Finance

6 Ways to Build and Improve Your Credit Fast

Credit scores tend to be an issue we don’t consider until it’s too late, and the damage is done by the time you need it. Big purchases like buying a house or car require a suitable credit score for approval. Beyond that, your score impacts the loan terms and interest rate, which could cost you thousands extra over the loan’s duration.

Whether you have a big purchase on the horizon or just want to get back on track, use these effective strategies for building and improving your credit score fast.

Dispute Negative Items on Your Credit Report

The first step in improving your credit score is determining what negative items are on your report. Don’t be afraid to pull your credit report; when lenders pull your report, it impacts your score, but not when you pull a copy for review.

Some of the most common negative items include:

  • Collections
  • Late payments
  • Missed payments
  • Hard inquiries (lender pulls)
  • High debt ratio
  • New debt

These items each have a statute of limitations, after which point they should be removed. However, many collectors will sell your debts to outstanding agencies. As a result, the information is often fractured or incorrect and should no longer be on your report.
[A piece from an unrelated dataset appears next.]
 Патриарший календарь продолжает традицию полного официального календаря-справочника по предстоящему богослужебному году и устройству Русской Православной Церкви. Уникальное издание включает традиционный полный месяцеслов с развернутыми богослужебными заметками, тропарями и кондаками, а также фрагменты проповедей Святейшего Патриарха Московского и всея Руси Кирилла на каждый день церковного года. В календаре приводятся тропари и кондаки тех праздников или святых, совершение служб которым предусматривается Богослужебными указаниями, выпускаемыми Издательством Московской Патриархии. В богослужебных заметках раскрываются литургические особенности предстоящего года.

Once you discover the errors and file a dispute, the creditors will have to remove incorrect items, increasing your score. 
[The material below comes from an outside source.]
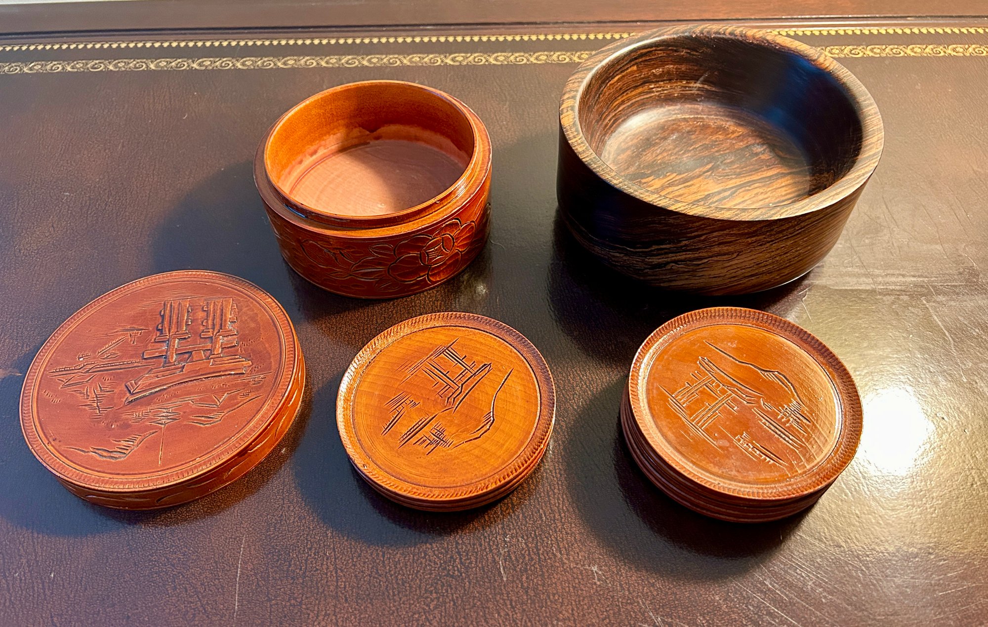 Cocobolo Wood 5 Inch Signed Bowl And Asian Themed Coaster Set

Implement a Debt Payment Strategy

Paying down your existing debt is the best way to improve your credit score and see notable changes from month to month. Your debt ratio is measured by comparing how much you’re approved to borrow versus what you actually borrow. In essence, if you’re approved for $2500 and only borrow $1000, your credit score will be higher than if you borrow $2000.

Some of the most effective debt payment strategies include:

Debt Snowball

Financial guru Dave Ramsey introduced the debt snowball. With this strategy, you start with the low-hanging fruit by paying down the smallest debt you have. Then, you use the money that used to be applied to monthly payments for that debt and move to the next smallest debt. Continue this process until all debts are paid.

Debt Avalanche 

The debt avalanche takes the opposite approach of the snowball. Rather than starting with the smallest debt, you start with the biggest to offset your interest payments. There are several pros and cons to each approach.

Debt Cascade

The debt cascade is for those who absolutely can’t put any extra money on their debts. With this strategy, you pay slightly over the minimum payment on your existing debt. Then, you continue to pay that same amount, even when your minimum payments come down until the debt is paid.
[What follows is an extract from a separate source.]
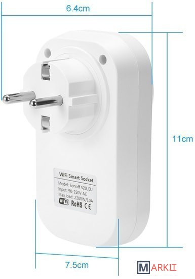 Sonoff S20 - это умная Wi-Fi розетка, с функцией дистанционного/удаленного управления. Устройство легко подключается к любой Wi-Fi точке доступа, и становиться доступно для управления из любой точки мира, где Вы сможете получить доступ к сети интернет.Просто вставив Sonoff S20 в любую розетку, и установив на Ваш смартфон приложение «eWeLink», Вы сможете удаленно управлять и контролировать подключённые через неё электроприборы из любого места, и в любое время.В Sonoff S20 так же предусмотрено и голосовое управление через Amazon Alexa или Google Assistant. Кроме того производитель предусмотрел и «ручное» управление, для чего удобно расположил на передней панели модуля кнопку включения/выключения.Sonoff S20, как и все другие устройства от компании Sonoff, обладает полноценным функционалом управления над подключенными к ней электроприборами. Sonoff S20 позволяет создавать сценарии, настраивать автоматическое включениевыключение по установленному Вами графику, позволяет видеть статус «online», задавать таймеры (до 10 таймеров). А так же уже имеет установленные функции «Scene» и «Smart Scene», функцию повторения (repeat), функцию обратного отсчета (countdown).- Стандарт силовой «вилки» (штекера): EU вилка Тип F (Schuko)- Рабочее напряжение питания: AC 90-250В, 50/60Гц;- Максимальный ток нагрузки: 10A;- Максимальная мощность: 2200W;- Беспроводная связь: Wi-Fi 2.4GHz b/g/n;- Протоколы безопасности: WEP/WPA-PSK/WPA2-PSK;- Габаритные размеры: 110х62х35(72) мм.

Talk to a Financial Advisor

Working with a financial advisor can help you explore options for consolidating your existing debt or creating a long-term financial strategy to move you forward. Consult with a financial advisor specializing in budgeting and debt management to get started.

Set Automatic Payments

If you’re the type of person who forgets about upcoming bills or mistakenly spends money before bills are due, automation is your salvation. Set up automated payments to occur on payday to ensure all your bills are paid on time. Then, leave your credit card in a drawer at home to prevent mindless swiping.

Try a Budgeting Challenge

Gamification is an effective way to help people change habits and improve engagement when trying to reach a goal. The theory is to apply a game-like structure or extrinsic reward system to keep you on track as you try to commit to otherwise boring tasks. 

Some of the common budgeting challenges include a 30-day no-spend challenge, in which you determine a reward and avoid purchasing anything deemed inessential for a month. The pantry shopping challenge is another effective game that encourages you to use food that’s already in your home to create meals. 

Get creative and use your savings to pay down existing debts while avoiding further debt accumulation. 

Limit Exposure to Marketing

One of the biggest struggles in trying to pay down debts and improve your credit score is resisting the urge to purchase new things. In our digital society, marketing efforts are constant. Additionally, browsing on social media creates a culture of comparison. Did you know that if your neighbor buys a new car, you’re more likely to buy a new car?

As you attempt to build your credit score, break up with social media, unsubscribe from sales emails, and focus on your ultimate goal: financial freedom.

With these effective strategies, you’ll improve your credit score quickly and sustainably.